“Well, what about the goose? What do you know about him?”
“That’s an interesting story,” said Rosie. “You know, Winston and Alfred were friends when they were younger. They used to spend a lot of time together. Then apparently, about the time Winston became chief rooster, Alfred went mad and went off to live alone.”
“What made him go mad?” asked Sonny.
“Well that’s the thing,” said Rosie. “The only ones old enough to remember are Winston and the old brown hen, and neither of them will say. I tell you what though—the old brown hen doesn’t like the goose being here. Have you heard the things he’s been saying? He really is mad. The old hen says Alfred was acting the same way just before Winston became chief. She doesn’t like it.”
“Have you talked to Alfred?” asked Sonny.
“Yes,” said Rosie. “You really must go see him. He’s a little strange, but so funny! I’ll come with you if you like.”
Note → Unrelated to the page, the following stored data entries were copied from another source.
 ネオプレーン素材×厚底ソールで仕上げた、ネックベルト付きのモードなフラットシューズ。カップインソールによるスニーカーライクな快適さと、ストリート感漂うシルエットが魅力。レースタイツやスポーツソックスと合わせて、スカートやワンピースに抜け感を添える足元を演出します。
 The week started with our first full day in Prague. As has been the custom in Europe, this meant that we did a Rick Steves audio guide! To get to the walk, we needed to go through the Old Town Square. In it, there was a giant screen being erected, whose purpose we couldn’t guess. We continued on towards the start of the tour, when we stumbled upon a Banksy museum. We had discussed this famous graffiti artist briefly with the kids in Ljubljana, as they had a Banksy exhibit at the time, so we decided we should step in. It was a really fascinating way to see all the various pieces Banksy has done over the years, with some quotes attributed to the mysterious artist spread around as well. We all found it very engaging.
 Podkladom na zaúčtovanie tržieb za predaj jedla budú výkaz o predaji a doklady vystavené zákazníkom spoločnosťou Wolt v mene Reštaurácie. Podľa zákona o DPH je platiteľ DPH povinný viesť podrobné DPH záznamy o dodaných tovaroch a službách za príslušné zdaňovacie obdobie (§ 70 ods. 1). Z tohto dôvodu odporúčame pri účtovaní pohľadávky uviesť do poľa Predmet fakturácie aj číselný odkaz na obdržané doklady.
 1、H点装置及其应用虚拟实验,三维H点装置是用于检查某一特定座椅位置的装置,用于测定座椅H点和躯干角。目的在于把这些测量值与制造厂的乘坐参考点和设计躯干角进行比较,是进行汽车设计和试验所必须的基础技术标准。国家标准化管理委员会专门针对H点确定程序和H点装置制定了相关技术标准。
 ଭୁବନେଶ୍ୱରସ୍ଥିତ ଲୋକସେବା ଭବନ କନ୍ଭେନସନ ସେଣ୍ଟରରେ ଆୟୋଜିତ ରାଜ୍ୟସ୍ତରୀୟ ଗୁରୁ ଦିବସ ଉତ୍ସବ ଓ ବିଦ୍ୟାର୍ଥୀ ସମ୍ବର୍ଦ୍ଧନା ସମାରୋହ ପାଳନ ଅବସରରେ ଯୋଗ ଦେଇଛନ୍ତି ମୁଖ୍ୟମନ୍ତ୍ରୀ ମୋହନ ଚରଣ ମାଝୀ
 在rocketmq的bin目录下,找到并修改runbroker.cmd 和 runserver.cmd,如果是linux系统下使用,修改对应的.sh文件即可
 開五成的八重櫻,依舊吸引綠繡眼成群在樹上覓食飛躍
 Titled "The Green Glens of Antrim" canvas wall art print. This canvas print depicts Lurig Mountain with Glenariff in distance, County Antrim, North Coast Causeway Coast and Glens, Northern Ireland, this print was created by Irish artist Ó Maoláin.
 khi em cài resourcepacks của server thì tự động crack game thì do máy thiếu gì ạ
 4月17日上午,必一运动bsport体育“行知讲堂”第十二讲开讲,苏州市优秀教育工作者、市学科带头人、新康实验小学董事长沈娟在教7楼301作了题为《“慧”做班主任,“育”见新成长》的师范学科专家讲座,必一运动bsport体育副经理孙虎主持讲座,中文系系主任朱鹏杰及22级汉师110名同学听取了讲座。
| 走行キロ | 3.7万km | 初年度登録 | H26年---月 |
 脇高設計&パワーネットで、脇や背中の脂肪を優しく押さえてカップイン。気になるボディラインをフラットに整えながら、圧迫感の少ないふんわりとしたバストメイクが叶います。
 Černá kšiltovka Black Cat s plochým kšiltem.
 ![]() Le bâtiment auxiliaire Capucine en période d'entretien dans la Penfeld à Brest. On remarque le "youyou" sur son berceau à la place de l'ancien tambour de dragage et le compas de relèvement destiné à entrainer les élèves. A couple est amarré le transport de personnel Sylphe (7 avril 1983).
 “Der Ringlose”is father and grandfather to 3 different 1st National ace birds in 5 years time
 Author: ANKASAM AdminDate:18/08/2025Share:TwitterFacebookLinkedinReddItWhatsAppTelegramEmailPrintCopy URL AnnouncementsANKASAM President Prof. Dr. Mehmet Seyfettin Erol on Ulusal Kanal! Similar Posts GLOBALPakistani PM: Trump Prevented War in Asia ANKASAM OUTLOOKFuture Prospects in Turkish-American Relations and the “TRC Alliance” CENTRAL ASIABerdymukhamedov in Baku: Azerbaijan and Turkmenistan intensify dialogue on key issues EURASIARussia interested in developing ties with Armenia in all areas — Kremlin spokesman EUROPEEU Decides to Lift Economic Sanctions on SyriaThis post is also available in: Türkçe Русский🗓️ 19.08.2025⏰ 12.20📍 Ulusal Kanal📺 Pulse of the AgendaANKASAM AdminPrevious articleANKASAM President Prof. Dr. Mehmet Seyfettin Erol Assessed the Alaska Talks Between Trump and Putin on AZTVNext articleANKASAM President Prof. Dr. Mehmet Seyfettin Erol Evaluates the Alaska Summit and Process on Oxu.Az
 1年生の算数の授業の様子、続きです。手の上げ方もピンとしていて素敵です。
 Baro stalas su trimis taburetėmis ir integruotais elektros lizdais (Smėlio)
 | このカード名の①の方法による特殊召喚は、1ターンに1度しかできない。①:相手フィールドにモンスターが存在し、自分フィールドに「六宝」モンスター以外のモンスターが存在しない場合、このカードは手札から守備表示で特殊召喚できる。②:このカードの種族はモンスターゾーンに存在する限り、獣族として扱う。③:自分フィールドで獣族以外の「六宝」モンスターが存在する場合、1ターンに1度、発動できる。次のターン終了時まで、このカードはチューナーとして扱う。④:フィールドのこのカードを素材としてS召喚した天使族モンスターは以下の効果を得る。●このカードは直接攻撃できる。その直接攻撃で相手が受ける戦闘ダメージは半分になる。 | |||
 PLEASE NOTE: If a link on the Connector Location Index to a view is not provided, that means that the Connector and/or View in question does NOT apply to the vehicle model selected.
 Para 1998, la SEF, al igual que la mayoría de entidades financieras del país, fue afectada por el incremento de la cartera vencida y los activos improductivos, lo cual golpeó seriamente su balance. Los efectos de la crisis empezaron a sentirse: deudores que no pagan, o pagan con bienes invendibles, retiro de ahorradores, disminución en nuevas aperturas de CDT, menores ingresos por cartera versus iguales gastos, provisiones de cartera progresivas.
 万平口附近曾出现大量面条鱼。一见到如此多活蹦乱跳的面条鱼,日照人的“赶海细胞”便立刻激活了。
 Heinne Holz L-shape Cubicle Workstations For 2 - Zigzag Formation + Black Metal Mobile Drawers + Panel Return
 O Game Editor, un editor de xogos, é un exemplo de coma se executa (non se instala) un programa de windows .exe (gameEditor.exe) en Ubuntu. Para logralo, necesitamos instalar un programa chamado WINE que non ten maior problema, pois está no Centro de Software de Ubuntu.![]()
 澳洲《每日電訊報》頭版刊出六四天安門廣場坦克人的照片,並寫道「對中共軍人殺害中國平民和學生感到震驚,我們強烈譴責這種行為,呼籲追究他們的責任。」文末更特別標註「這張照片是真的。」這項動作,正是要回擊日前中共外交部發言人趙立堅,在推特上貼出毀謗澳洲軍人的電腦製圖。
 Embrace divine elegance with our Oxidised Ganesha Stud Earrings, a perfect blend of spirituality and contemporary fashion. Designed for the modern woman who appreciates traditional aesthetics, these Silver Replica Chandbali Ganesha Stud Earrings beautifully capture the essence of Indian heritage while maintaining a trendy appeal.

It was late in the afternoon when Sonny and Rosie went behind the henhouse and down the hill toward the pond. Alfred was there, with two young chickens that had already come to see him. He was a comical sight, waddling back and forth in his wiggly fashion. As he constantly talked, at times to the chickens and at times to himself, he waved his wings around. Sonny stopped and sat down a small distance up the hill from Alfred; Rosie joined him. He wanted to listen to what the mad goose was saying before meeting him. This is what he heard:
“I’ve seen it before… I told you that already. Yes, I told them already. They don’t listen. You young chickens must watch! See what is around you! It’s right there… I’ve seen it before. Ha-ha! The sky is different… but that’s okay—we are not in the sky. I can fly but you cannot—yours is the greater danger. Yes, and when I’m in danger it will be too late for you. Ha-ha! Don’t you see? I lost my friend. Ah, they don’t see. There is no point, but I must try. Will it be the same again after all this? Is it a circle? I like circles, but I don’t want to be in one.”
Sonny looked at Rosie. “He’s insane,” he whispered.
Rosie smiled. “I told you.”
“Eggs!” cried the goose. “Ha-ha-ha! I had no choice. There’s no choice. We are born in a circle. We peck ourselves free from the egg, but how can we peck free from this? Day in, day out, it’s the same. Eat, fly, swim. Wake up, and then go to sleep. Wake up? Wake… wake? What if… that’s it! Ha-ha! What if the old rooster didn’t crow? Ha-ha! What if the old rooster didn’t crow?”
With that thought, the mad goose stopped in his tracks. He didn’t move; he didn’t make a sound. He stared out across the pond with a blank look on his face. The two young chickens that were listening to Alfred tried to get his attention, but he was oblivious. With their afternoon’s entertainment apparently suffering some sort of malfunction, the young chickens just laughed at him and returned up the hill to the henhouse. Sonny and Rosie waited a while before going down to see Alfred. When they did go over to him, he was just starting to reanimate. The glazed look lifted from his face. He shook his head suddenly, gave his wings a gentle flap and began mumbling to himself. As Sonny and Rosie neared him, they heard Alfred repeating quietly, “What if the old rooster didn’t crow?”
“Excuse me, Alfred,” said Rosie gently. “It’s me, Rosie. I’ve brought my brother to meet you.”